Poor old Cowen, or ‘BIFFO’ as he is also known (‘Big Ignorant Fat Fucker from Offaly’). He reminded me of Gordon Brown. Here was a chubby, not very good looking, leader of a country who had inherited an economy that went swiftly down the toilet soon after his more charismatic predecessor had left his post. And yet: Brown and Cowen may both be incompetent, but they both seem far nicer and more decent than their predecessors, Tony Blair and Bertie Ahern. Brown and Cowen may be rubbish leaders, but at least they are sincere in their rubbishness. It’s easy to forget in these times of economic woes just how phoney and transparently ridiculous Blair and Ahern were.

Ryan Tubridy was an excellent host. He was strangely reminiscent of Henry Kelly, not just because of his big ears and long visage, but also in his ability to straggle the low brow and the middle brow. For all his bad publicity, Tubridy is the kind of bloke you’d like to have a pint with. Just like Henry Kelly, who I have had a pint with (even if he was grumbling surreally that David Trimble wasn’t talking to him that night).
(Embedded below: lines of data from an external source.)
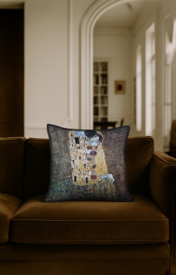 Ünlü Sanatçıların Eserleri Goblen, renkli çözgü ve atkı ipliklerinin yüzyıllardır kullanılan geleneksel dokuma teknikleriyle modern makinelerde işlenmesiyle üretilen özel bir kumaş türüdür. Bu ürün, goblen dokuma ile üretilmiş dekoratif bir yastıktır. Bu koleksiyonda, ünlü sanatçıların ölümsüz eserleri kumaş üzerinde yeniden hayat bulmuştur.İlgili Ürünler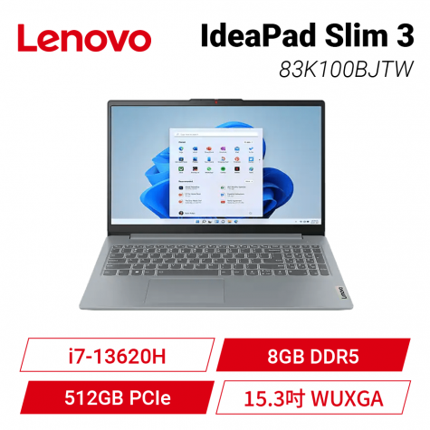Lenovo IdeaPad Slim 3 83K100BJTW 灰 高效能筆電/i7-13620H/8GB DDR5/512GB/W11/15.3吋 16:10 WUXGA/W11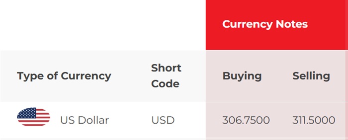According to NDB Bank, the buying rate of the US Dollar remains unchanged at Rs. 306.20, while the selling rate is also unchanged at Rs. 312.70.

After Friday’s The Late Late Show, Irish television moved to even more pressing matters: Sunday’s hurling final between Kilkenny and Tipperary on RTE. Hurling has to be the most insane sport in the world. It’s even more mad and violent than rugby league. I learnt from a Dublin cabbie that safety helmets were introduced to the sport 10 years ago. I just wonder how hurling players hadn’t already dashed their brains in completely, what with their penchant for swinging large clubs around and appearing to smash each other’s teeth in. In the end, Kilkenny beat Tipperary by 2-22 to 0-23 (28 points to 23 in real money).

Luckily, the commentary was in English. Some Gaelic games have commentaries in Irish, which is really quite difficult, especially when you find yourself inexplicably watching the Fermanagh vs Longford women’s Gaelic football match. I used to think that I could learn Irish merely by watching enough of it on television, much like Daryl Hannah’s mermaid character from the 1984 film Splash!, who became fluent in English after spending an afternoon in front of the telly.

After all, I’ve learnt enough German by watching Das Boot, Die Welle, Heimat, Downfall, Goodbye Lenin! and the subtitled version of The Longest Day. I’ve garnered enough French from reading La Peste, L’Etranger and Tintin and Asterix comics. But still Irish remains impossible. Agus, agus, agus… that’s all I understand.

If you thought Irish wasn’t difficult enough, then try watching Aon Sceal on TG4, which is a Gaelic equivalent of Call My Bluff, that old parlour game about guessing which meaning of a word is the real one. The original, in English, was baffling enough.

Patrick West is spiked’s TV and radio columnist.